Towards Robust Natural Language Understanding

What is the robustness of NLU?

One thing we have to admit, deep learning models are easy to be fooled. In software development, robust programming is a style of programming that focuses on handling unexpected termination and unexpected actions. Similar in natural language understanding, the NLU system needs to be prepared for cases where the input data does not correspond to the expectations. The expectations are vary by the systems, in chatting bot, that usually means the system can handle offensive language, and in text classification, the system should ignore irrelevant information.

Short introduction to Adversarial Examples

This is a famous example in image classification task[1]. By adding an imperceptibly small vector whose elements are equal to the sign of the elements of the gradient of the cost function with respect to the input, we can change GoogLeNet’s classification of the image. This sentence may seem complicated, by the idea is simple, we can fool the neural network by intentionally applying some perturbations.

Another example in NLP, Google and Jigsaw started a project called Perspective, which uses machine learning to automatically detect toxic language. However, experiments[2] show that an adversary can subtly modify a highly toxic phrase in a way that the system assigns significantly lower toxicity score to it.

So, a more formal definition of adversarial examples: Inputs formed by applying small but intentionally worst-case perturbations to examples from the dataset, such that the perturbed input results in the model outputting an incorrect answer with high confidence.

Why does this happen?

The primary cause of neural networks’ vulnerability to adversarial perturbation is their linear nature[1].

And data. Nowadays deep learning model heavily rely on large scale datasets. However, human-written datasets are susceptible to annotation artifacts: unintended stylistic patterns that give out clues for the gold labels.

Take look at a concrete example of annotation artifacts

This is from SNLI, a dataset for natural language inference task, using premise to identify hypothese, that it entails, contradicts, or is logically neutral with respect to the premise.

In the SNLI dataset annotation, crowd workers were asked to create these three hypotheses with a premise sentence, a common strategy for generating entailed hypotheses is to remove gender or number information. Neutral hypotheses are often constructed by adding a purpose clause. Negations are often introduced to generate contradictions[3]. They trained a model to predict the label of a given hypothesis without seeing the premise and it got 67% accuracy.

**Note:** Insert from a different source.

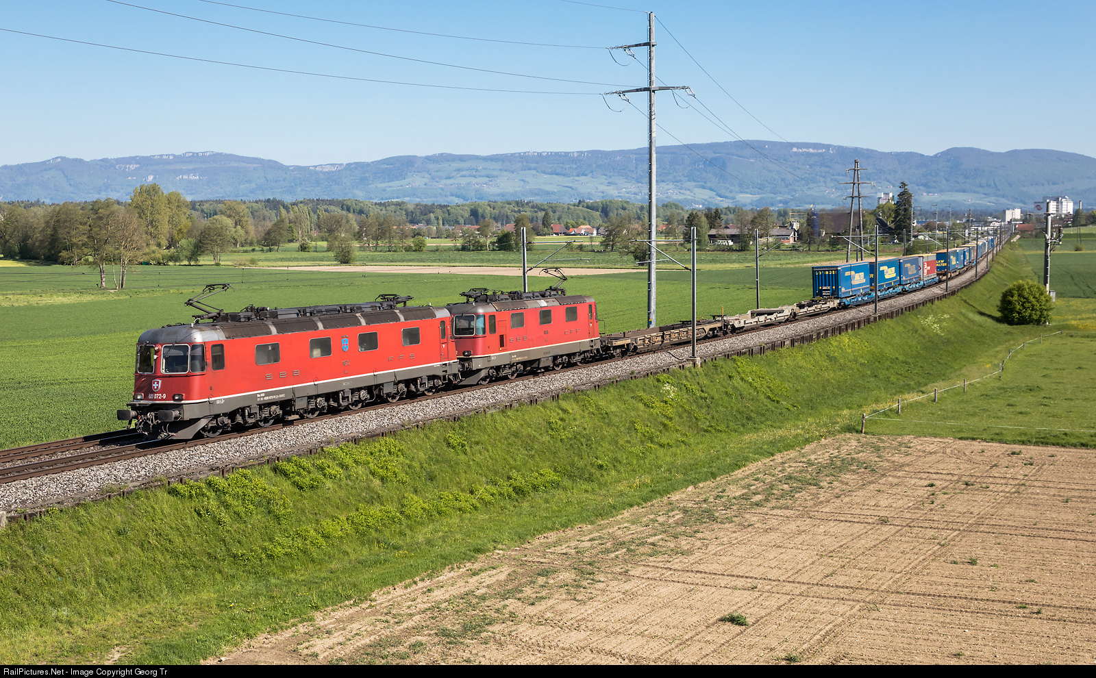 A "classic" red "Re 10/10" of the SBB, Re 620 # 072 "Balerna" and Re 420 # 335 (Re 4/4 II 11335) in multiple traction, is pulling southbound "Simplon Intermodal" train 63501 from Basel shunting yard field D (BRBD) to Domodossola 2 shunting yard, near Bollodingen between Herzogenbuchsee and Riedtwil.

In their work[3], they found characteristics of annotation artifacts:

  • Entailed hypotheses have generic words such as animal, instrument, and outdoors, which were probably chosen to generalize over more specific premise words such as dog, guitar, and beach

  • Modifiers (tall, sad, popular) and superlatives (first, favorite, most) are affiliated with the neutral class. These modifiers are perhaps a product of a simple strategy for introducing information that is not obviously entailed by the premise

  • Negation words such as nobody, no, never and nothing are strong indicators of contradiction

Real-world examples of Adversarial Attack: Tay chatbot

Inspired by the success of XiaoIce chatbot in China, Microsoft developed Tay – a chatbot created for 18 to 24 year-olds in the U.S. for entertainment purposes.

In the first 24 hours of coming online, a coordinated attack by a subset of people exploited a vulnerability in Tay. As a result, Tay tweeted wildly inappropriate and reprehensible words and images. The tweets sent by Tay were sexist and racist.

Datasets created for robustness


In this paper, they introduce the task of grounded commonsense inference, unifying natural language inference and commonsense reasoning. That is given a situation, the model should correctly predict what might come next.

And they presented Swag, a new dataset with 113k multiple choice questions about a rich spectrum of grounded situations, in creating this dataset, they proposed Adversarial Filtering to de-bias the dataset.

They created this dataset from pairs of temporally adjacent video captions, each with a context and a follow-up event that is physically possible.

For a pair of sequential video captions, the second caption is split into noun and verb phrases. A language model then oversamples a diverse set of possible negative sentence endings (counterfactuals). To filter these candidate endings, they use trained models to select a subset of those candidates which have similar stylistic features and low bias, and finally validated by human.


Winograd Schema Challenge (WSC) is a benchmark for commonsense reasoning. In their work, they investigated an important problem, whether these models have truly acquired robust commonsense capabilities or whether they rely on spurious biases in the datasets that lead to an overestimation of the true capabilities of machine commonsense.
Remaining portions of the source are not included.